Apple shareholders who placed their bets on iPad Pro's success might have exposed themselves to risks. Information from the company's supply chain suggests that sales of the iPad line are slowing down.

In fact, the descending popularity of Apple slates is old news. In the last quarter of 2013, the iPad sold 14.1 million units and during the identical period of 2014, sales toppled to 12.3 million. For Q4 2015, Apple placed orders in its upstream supply line for a surprisingly low 2.5 million iPad Pros.

Apple made it clear that it has high hopes for the new tablet, but a thin number of orders seem to indicate a different position.

The Cupertino-based company manifests a reserved attitude toward its iPad Pro orders, voices from the iPhone producer affirmed. Rumors claim that the estimate orders for Q1 2016 could go under the 2.5 million from the Q4 2015. A decision is expected after the holiday shopping season.
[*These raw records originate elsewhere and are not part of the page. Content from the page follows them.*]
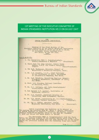 Bureau of Indian Standards 1ST MEETING OF THE EXECUTIVE COMMITTEE OF INDIAN STANDARDS INSTITUTION HELD ON 04 JULY 1947 17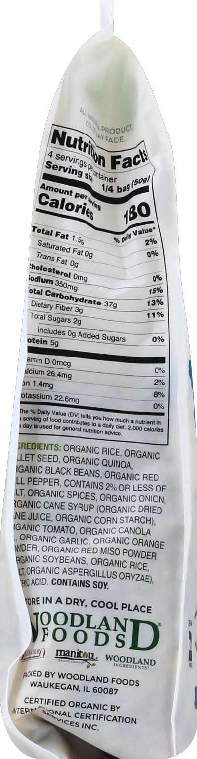 Organic Rice, Organic Millet Seed, Organic Quinoa, Organic Black Beans, Organic Red Bell Pepper, Contains 2% or Less of Salt, Organic Spices, Organic Onion, Organic Cane Syrup (Organic Dried Cane Juice, Organic Corn Starch), Organic Tomato, Organic Canola Oil, Organic Garlic, Organic Orange Powder, Organic Red Miso Powder (Organic Soybeans, Organic Rice, Salt, Organic Aspergillus Oryzae), Citric Acid Contains: Soybeans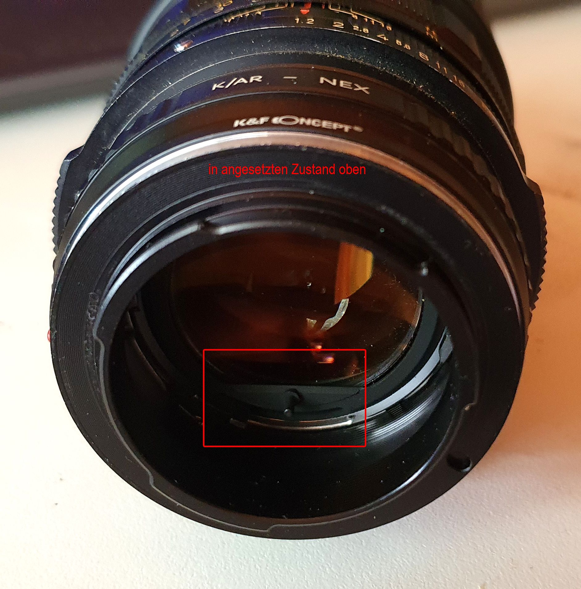 Diese Abschirmung der Rücklinse mit dem aufgesetzten Pin befindet sich im angeflanschten Zustand im unteren Bereich des Bildkreises und wird somit sowieso vom 35mm-Format abgeschnitten: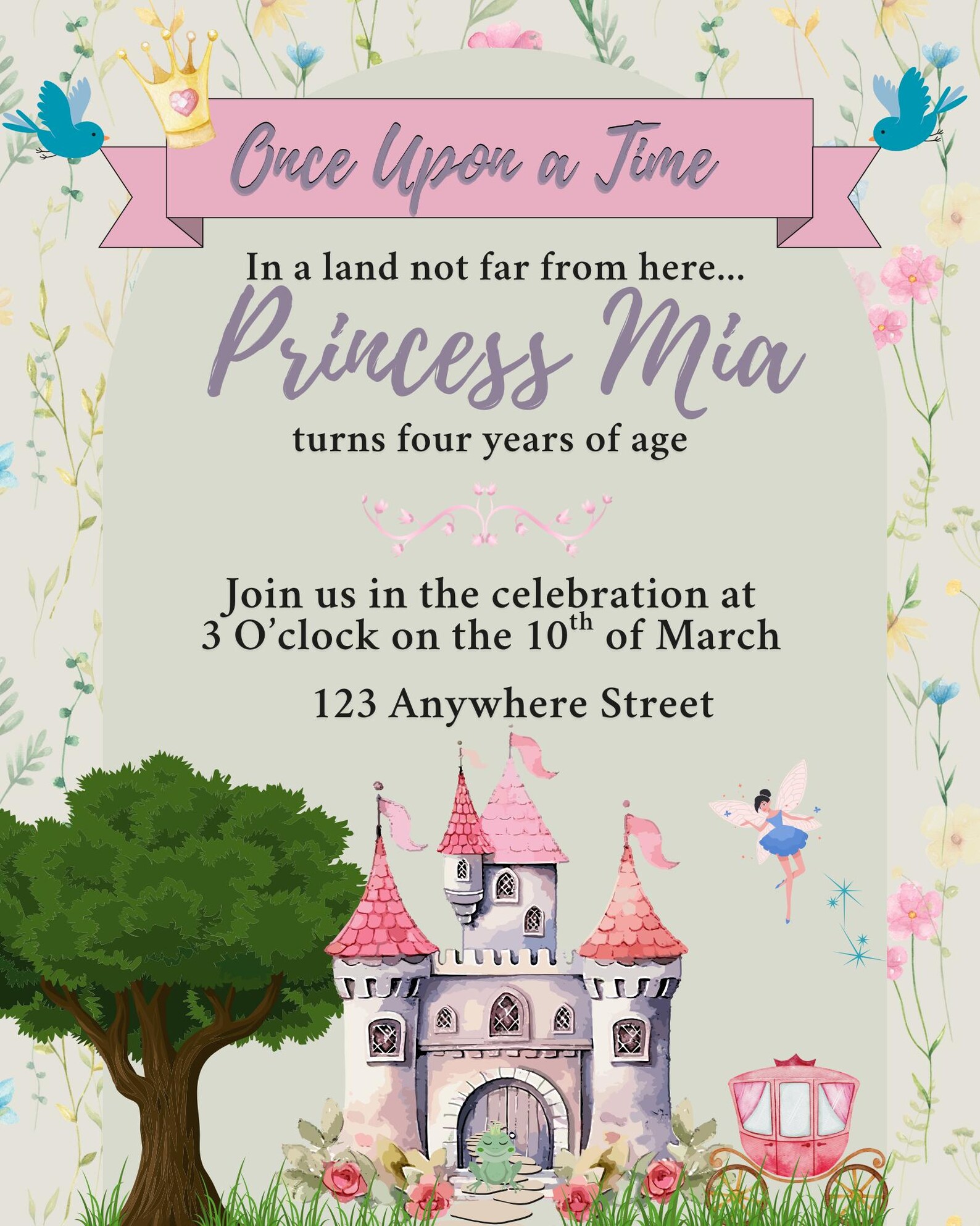 Princess Birthday Party Invitation At The Castle AI Generated Template ...

Another explanation for the low production values lies in a rumored shortage of electronic panels. In this case, it might be that Apple sees a high demand for its iPad Pro, but will not be able to supply as much as requested - not quickly at least. For clients, this might be a bit unsettling, but investors keep a close eye on the production chain and some reactions from Wall Street could emerge.

As 2015 brought no new iPad Air in the game, iPad Pro sales are the best chance for Apple's slate division to reach its profit margin.
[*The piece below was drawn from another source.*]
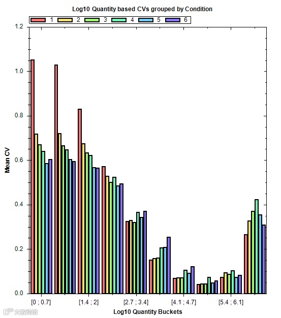 我们也可以基于Spectronaut中的CV分段可视化看到不同强度下的CV分布,从而间接考察定量的精确度,如下图,就可以验证刚才这几个例子是否代表整体结果。低丰度或高丰度(过载拖尾)的谱峰定量CV就是不那么理想。

Another culprit for the unimpressive iPad Pro demand might be its hefty price tag. As most companies who use tablets tend to go for value-for-money slates, Apple's device is high above their comfort zone.
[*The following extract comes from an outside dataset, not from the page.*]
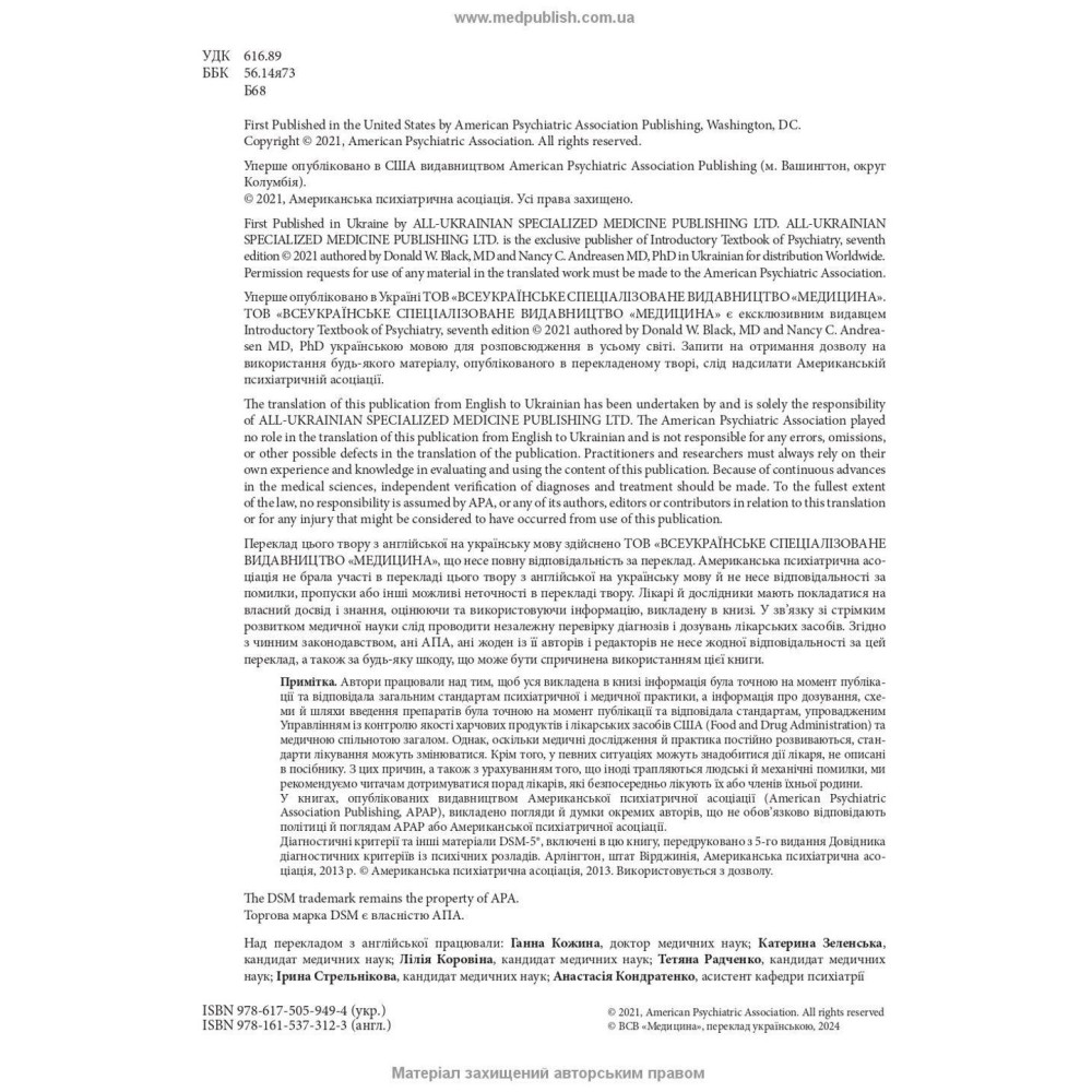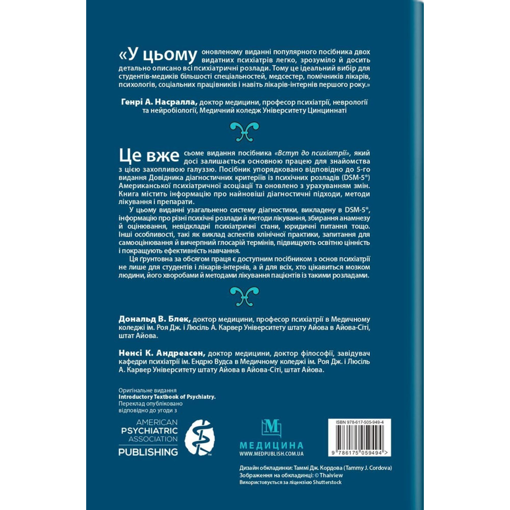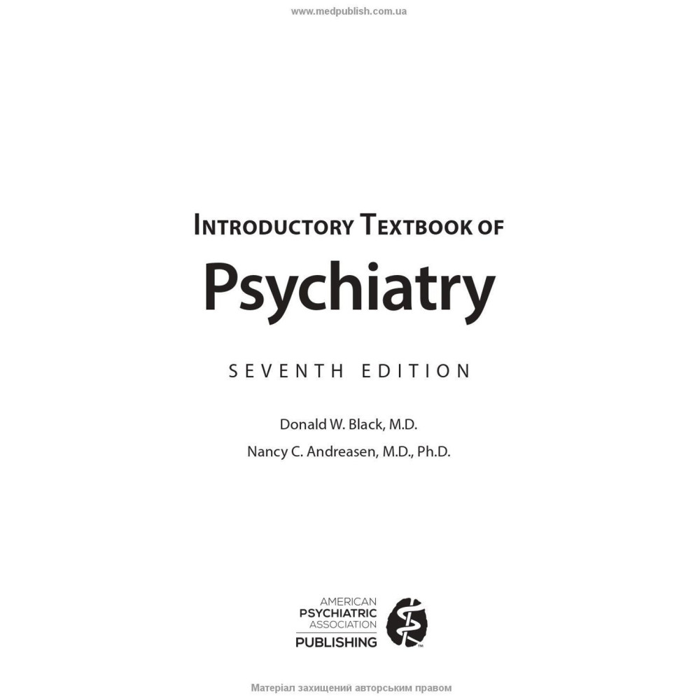 У підручнику «Вступ до психіатрії» за авторством Дональда В. Блека і Ненсі К. Андреасен узагальнено систему діагностики, викладену в DSM-5®, інформацію про різні психічні розлади й методи лікування, збирання анамнезу й оцінювання, невідкладні психіатричні стани, юридичні питання тощо. Інші особливості, такі як виклад аспектів клінічної практики, запитання для самооцінювання й вичерпний глосарій термінів, підвищують освітню цінність і покращують ефективність навчання.

The 12.9-inch tablet has a starting price of $799, which gives buyers only 32 GB of HDD space. A better fitted 128 GB variant sells for $949, while a complete package including a Pencil ($99) and a Smart Keyboard ($169) rounds up around $1,200. A high-end iPad Pro that is equipped with cellular radios adds another $130 to that.

Take note that these prices are destined for the United States market, where the manufacturer usually has better deals.